● **YOUR GOAL**
Print all records exactly, pictures left out.

---- DATA SECTION

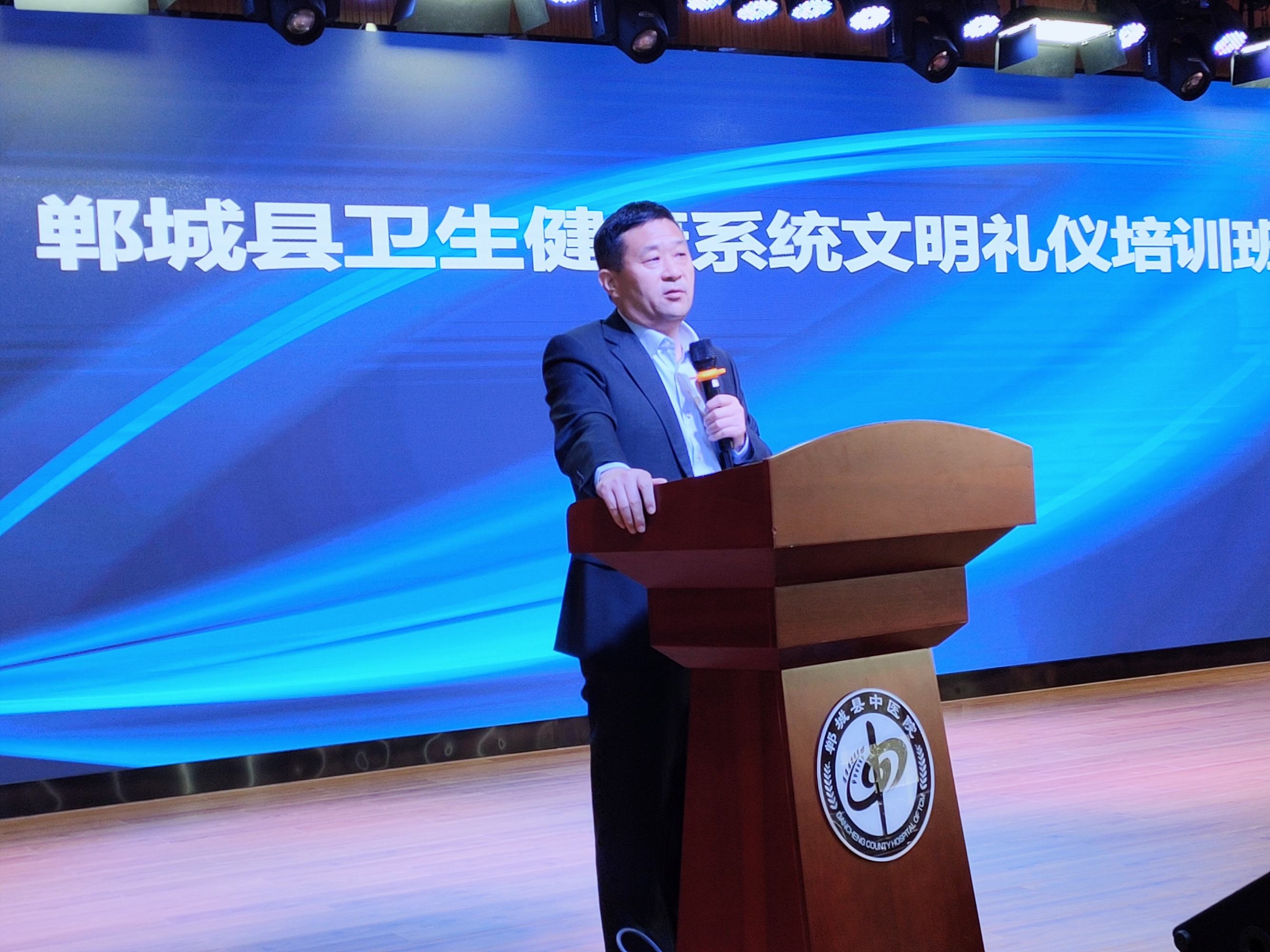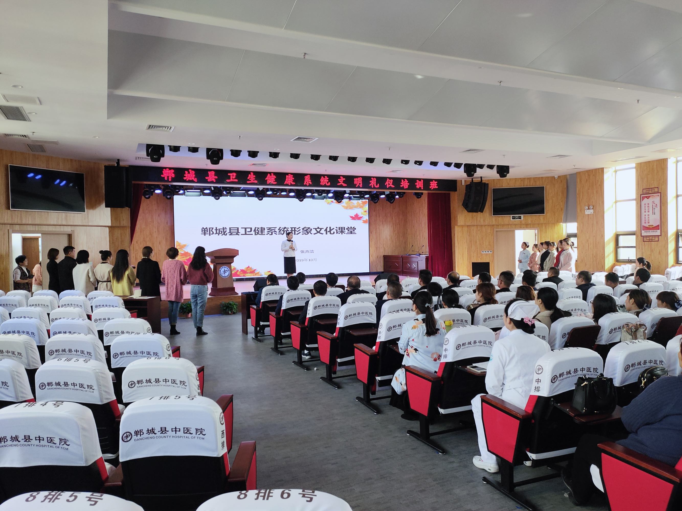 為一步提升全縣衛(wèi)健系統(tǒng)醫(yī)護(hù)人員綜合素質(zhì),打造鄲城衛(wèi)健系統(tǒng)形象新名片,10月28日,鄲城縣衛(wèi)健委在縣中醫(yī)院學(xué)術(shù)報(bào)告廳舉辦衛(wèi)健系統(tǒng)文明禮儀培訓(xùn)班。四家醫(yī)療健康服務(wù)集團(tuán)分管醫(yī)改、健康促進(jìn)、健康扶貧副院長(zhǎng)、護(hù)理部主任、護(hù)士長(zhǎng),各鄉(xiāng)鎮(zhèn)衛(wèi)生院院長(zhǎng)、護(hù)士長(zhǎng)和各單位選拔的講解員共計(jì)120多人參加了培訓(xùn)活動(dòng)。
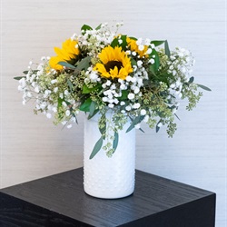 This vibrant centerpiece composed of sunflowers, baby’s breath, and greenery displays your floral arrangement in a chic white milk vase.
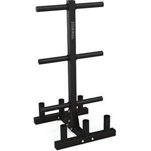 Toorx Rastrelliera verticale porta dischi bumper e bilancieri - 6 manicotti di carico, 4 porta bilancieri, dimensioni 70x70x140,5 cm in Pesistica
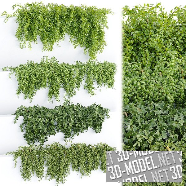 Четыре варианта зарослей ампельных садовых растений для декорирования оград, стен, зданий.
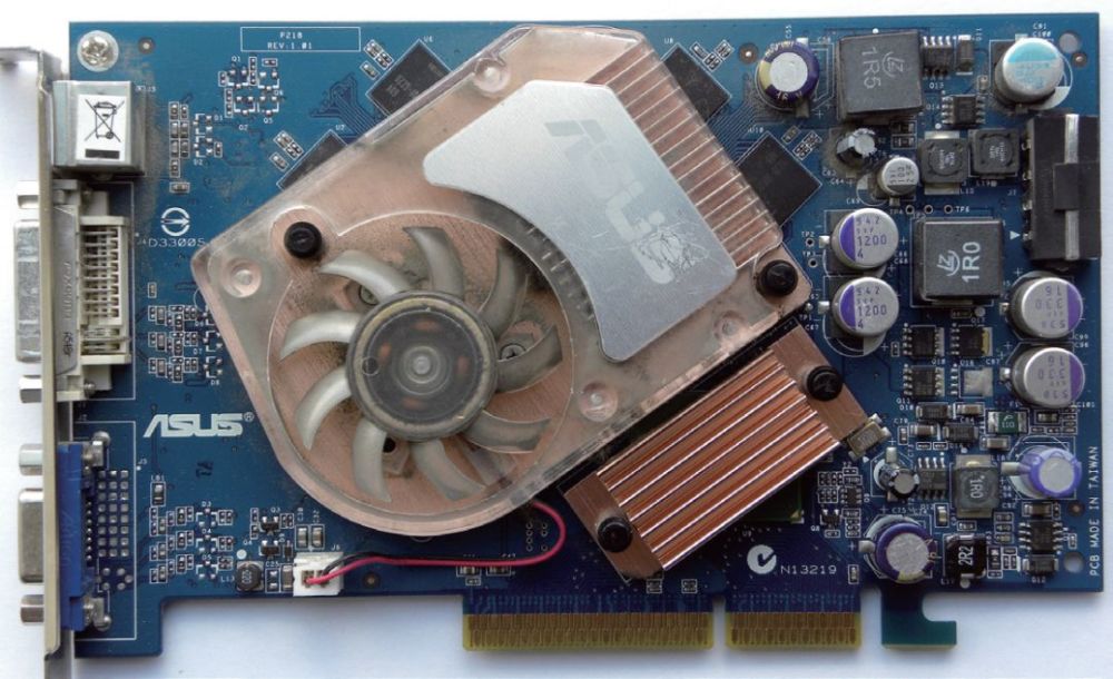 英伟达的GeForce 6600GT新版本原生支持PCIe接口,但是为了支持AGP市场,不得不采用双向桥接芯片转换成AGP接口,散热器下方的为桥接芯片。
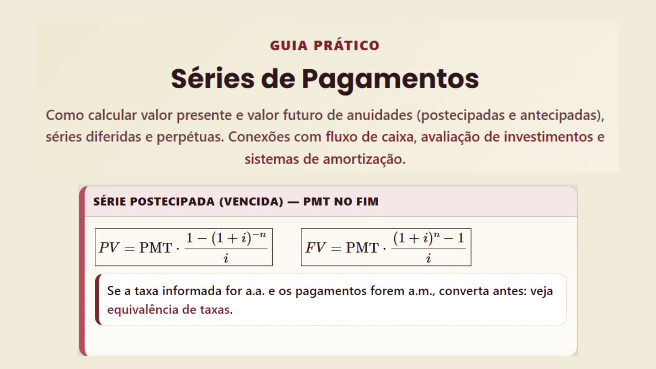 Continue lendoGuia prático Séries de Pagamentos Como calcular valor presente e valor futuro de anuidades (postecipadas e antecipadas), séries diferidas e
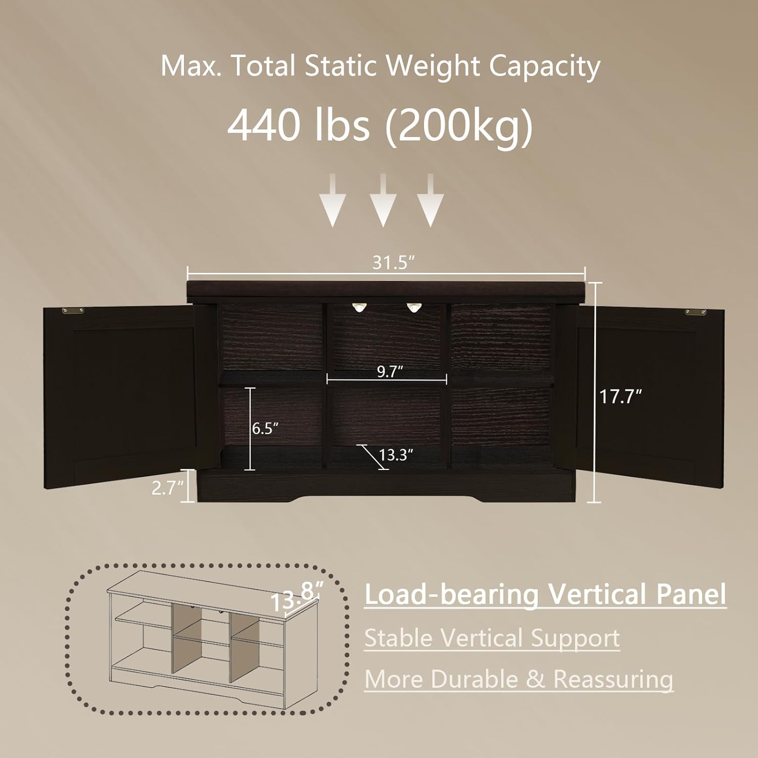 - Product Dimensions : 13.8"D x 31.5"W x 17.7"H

--------

● **WRITTEN SOLUTION**
 為一步提升全縣衛(wèi)健系統(tǒng)醫(yī)護(hù)人員綜合素質(zhì),打造鄲城衛(wèi)健系統(tǒng)形象新名片,10月28日,鄲城縣衛(wèi)健委在縣中醫(yī)院學(xué)術(shù)報(bào)告廳舉辦衛(wèi)健系統(tǒng)文明禮儀培訓(xùn)班。四家醫(yī)療健康服務(wù)集團(tuán)分管醫(yī)改、健康促進(jìn)、健康扶貧副院長(zhǎng)、護(hù)理部主任、護(hù)士長(zhǎng),各鄉(xiāng)鎮(zhèn)衛(wèi)生院院長(zhǎng)、護(hù)士長(zhǎng)和各單位選拔的講解員共計(jì)120多人參加了培訓(xùn)活動(dòng)。
 This vibrant centerpiece composed of sunflowers, baby’s breath, and greenery displays your floral arrangement in a chic white milk vase.
 Toorx Rastrelliera verticale porta dischi bumper e bilancieri - 6 manicotti di carico, 4 porta bilancieri, dimensioni 70x70x140,5 cm in Pesistica
 Четыре варианта зарослей ампельных садовых растений для декорирования оград, стен, зданий.
 英伟达的GeForce 6600GT新版本原生支持PCIe接口,但是为了支持AGP市场,不得不采用双向桥接芯片转换成AGP接口,散热器下方的为桥接芯片。
 Continue lendoGuia prático Séries de Pagamentos Como calcular valor presente e valor futuro de anuidades (postecipadas e antecipadas), séries diferidas e
 - Product Dimensions : 13.8"D x 31.5"W x 17.7"H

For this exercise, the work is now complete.